Of Usury, from Brant's Stultifera Navis (Ship of Fools), 1494; woodcut attributed to Albrecht Dürer

Usury (/ˈjʒəri/)[1][2] is the practice of making loans that are seen as unfairly enriching the lender. The term may be used in a moral sense—condemning taking advantage of others' misfortunes—or in a legal sense, where an interest rate is charged in excess of the maximum rate that is allowed by law. A loan may be considered usurious because of excessive or abusive interest rates or other factors defined by the laws of a state. Someone who practices usury can be called a usurer, but in modern colloquial English may be called a loan shark.

In many historical societies including ancient Christian, Jewish, and Islamic societies, usury meant the charging of interest of any kind, and was considered wrong, or was made illegal.[3] During the Sutra period in India (7th to 2nd centuries BC) there were laws prohibiting the highest castes from practicing usury.[4] Similar condemnations are found in religious texts from Buddhism, Judaism (ribbit in Hebrew), Christianity, and Islam (riba in Arabic).[5] At times, many states from ancient Greece to ancient Rome have outlawed loans with any interest. Though the Roman Empire eventually allowed loans with carefully restricted interest rates, the Catholic Church in medieval Europe, as well as the Reformed Churches, regarded the charging of interest at any rate as sinful (as well as charging a fee for the use of money, such as at a bureau de change).[6] Christian religious prohibitions on usury are predicated upon the belief that charging interest on a loan is a sin.

History

Usury (in the original sense of any interest) was denounced by religious leaders and philosophers in the ancient world, including Moses,[7] Plato, Aristotle, Cato, Cicero, Seneca,[8] Aquinas,[9] Gautama Buddha[10] and Muhammad.[11]

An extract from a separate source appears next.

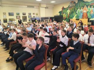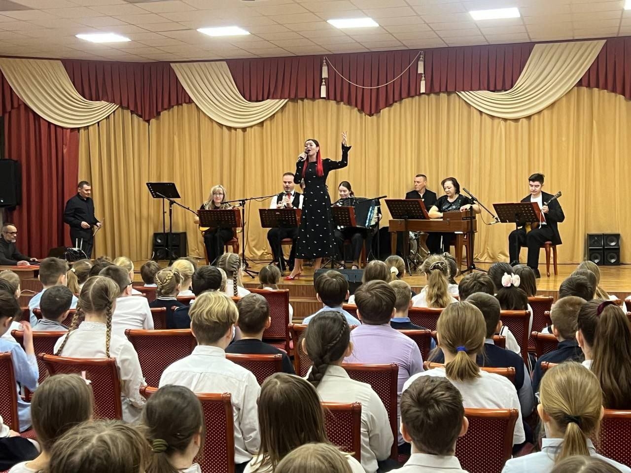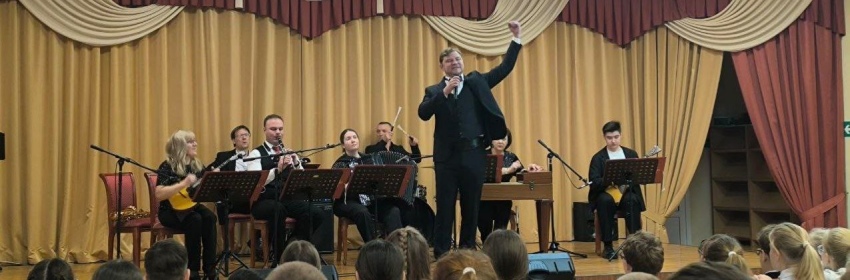 Сегодня в МБОУ СОШ № 15 (здание 1) для обучающихся 3х и 4х классов педагог-библиотекарь Кривощапова И.Н. совместно с КОЛОМЕНСКОЙ ФИЛАРМОНИЕЙ (директор Зубенина Н.А.) ансамбль народных инструментов «МУЗЫКАЛЬНЫЙ ЭКСПРЕСС», худож.рук. Фомушкин О.В. и солисты, лауреаты всероссийских и международных конкурсов, Алена Лунич и Владимир Лютиков провели музыкально-патриотическое мероприятие посвященное Году народов России и приуроченное к празднованию Дню защитника Отечества «От героев былых времен».
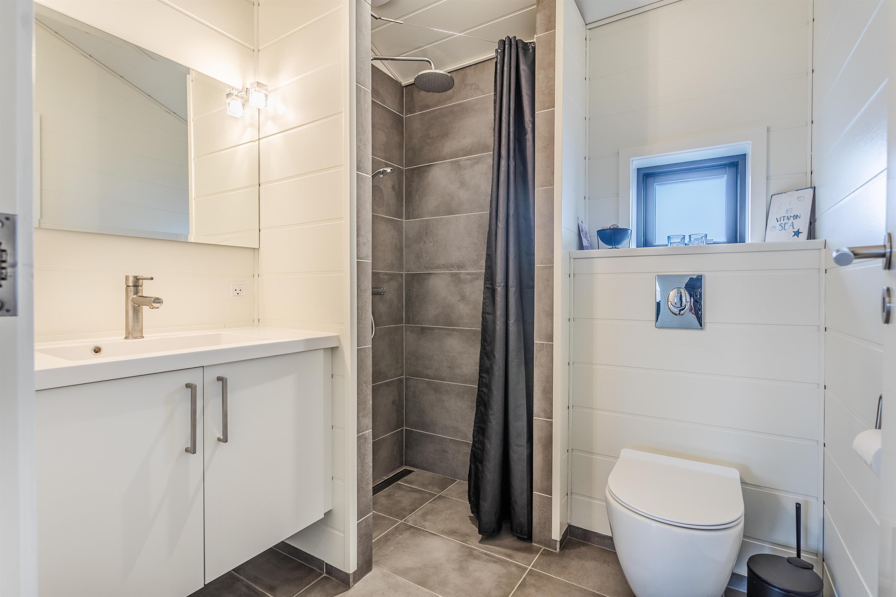 Bevæger I jer længere ind i huset, finder I et funktionelt badeværelse og 3 komfortable soveværelser - alle udstyret med dobbeltsenge, der sikrer en behagelig og afslappende ferieoplevelse.

Certain negative historical renditions of usury carry with them social connotations of perceived "unjust" or "discriminatory" lending practices. The historian Paul Johnson comments:

Most early religious systems in the ancient Near East, and the secular codes arising from them, did not forbid usury. These societies regarded inanimate matter as alive, like plants, animals and people, and capable of reproducing itself. Hence if you lent 'food money', or monetary tokens of any kind, it was legitimate to charge interest.[12] Food money in the shape of olives, dates, seeds or animals was lent out as early as c. 5000 BC, if not earlier. ...Among the Mesopotamians, Hittites, Phoenicians and Egyptians, interest was legal and often fixed by the state. But the Hebrew took a different view of the matter.[13]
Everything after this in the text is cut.